今回はTaylorとHarrelsonについて。

先ずTaylorですが、もはや個人の製作する楽器としてはすっかりお馴染みのブランドでしょう。「名機」として定番となっているモデルも数多くあって、今や完全に油の乗り切った「職人技」は仕入れる側としても安心感があります。



手にした瞬間からTaylor氏の気迫が伝わってくるあのMojoは他のブランドでは味わえないもの!イントネーションやスロットの明確化など楽器として本来あるべきポイントは完璧に調整済み。

その上で彼本来のVoicingが施されていく訳ですが、これがまた最高に「肉感的」なんです!プラスティックなニオイのする楽器ばかりの現在、こんなに親人的(?)な楽器は無い!

このTaylor氏、時にShowなどに出品する際、相当悪ノリしてしまってぶっ飛びそうなデザインのを作ったりしてますが、吹いてみるとその全てが実に計算され尽くしてる事に気付くと思います!

「英国」という国の往年のスピリッツを感じることの出来る楽器、製作者の燃え滾る情熱の迸る楽器、今後こういう熱い楽器は極端に少なくなって行くでしょうね。

そして次はHarrelson。彼はCADやCAMをフルに使いこなして、全てのパーツを規格統一し、Module化する事で、プレーヤーにとって自由な組合せを可能にした所が凄いと思います。



しかもデザイン的にも統一感があって、どの組合せでも「ハズレ」が無いという点も画期的!まさに本当の意味での「パターン・メイド」の楽器がオーダー可能となっている訳です。

只、時に考えすぎてアイデアだけが奔走してしまうケースも正直あります。以前のギャップ問題解決の為、シムを中に押し込むスタイルのものとか、やっと完成(しつつある)したあのマッピとかが好例かもしれません。

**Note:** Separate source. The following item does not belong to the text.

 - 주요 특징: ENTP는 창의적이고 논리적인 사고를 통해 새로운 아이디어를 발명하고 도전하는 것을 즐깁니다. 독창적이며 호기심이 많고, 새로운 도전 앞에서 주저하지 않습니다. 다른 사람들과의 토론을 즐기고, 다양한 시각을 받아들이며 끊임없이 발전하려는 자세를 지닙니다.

前者はシムが取れなくなったり音色が極端に変化してしまったりで、あれはダメです!

そこでAGRのレシーバーへと進化した訳ですが、あれはあくまでHarrelson Trumpetの1パーツなんです。他ブランド用もありますが、間違いなく本来の「音色」が変わってしまうのでその点ご承知ください。



  後者は、あそこまで細分化してしまうとプレーヤーをその各部の選択に於いてかえって悩ませてしまったり、また精度の点でも不安があります。

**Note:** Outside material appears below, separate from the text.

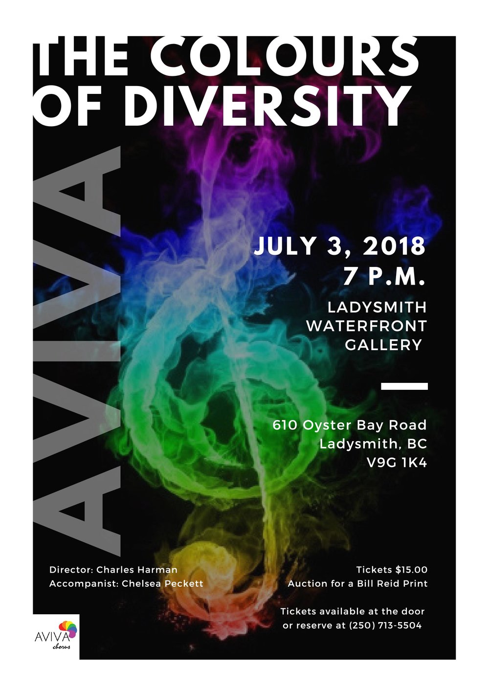 AVIVA chorus performs our Colours of Diversity concert with the auctioning of a Bill Reid print fundraiser. Tickets $15 at the door or call (250) 713-5504 to reserve.

ですのであのマッピはウチとしてまだ改良の余地ありとして、現時点ではあえて取り扱いません。複雑な事象をシンプルな事象にすることこそが「発明・発見」なんですが、あれでは更に複雑になってしまってますので。

全く別のシリーズを現在「大げんか」製作中です!マッピに於いて、ピースが増える程、音と精度が悪くなるのはご存知の通りですよね。

という「先走り」もありますが、ここまでトランペットを分析してしまう能力は過去あり得なかった事だけに、トランペットそのものの可能性を劇的に拡げてしまうブランドになると信じています。

とまあこの二つのブランド、Hot & Coolの好対照ではないですが、強烈な個性の二人が作る楽器、このどちらを選択するかは「あなた次第です!」?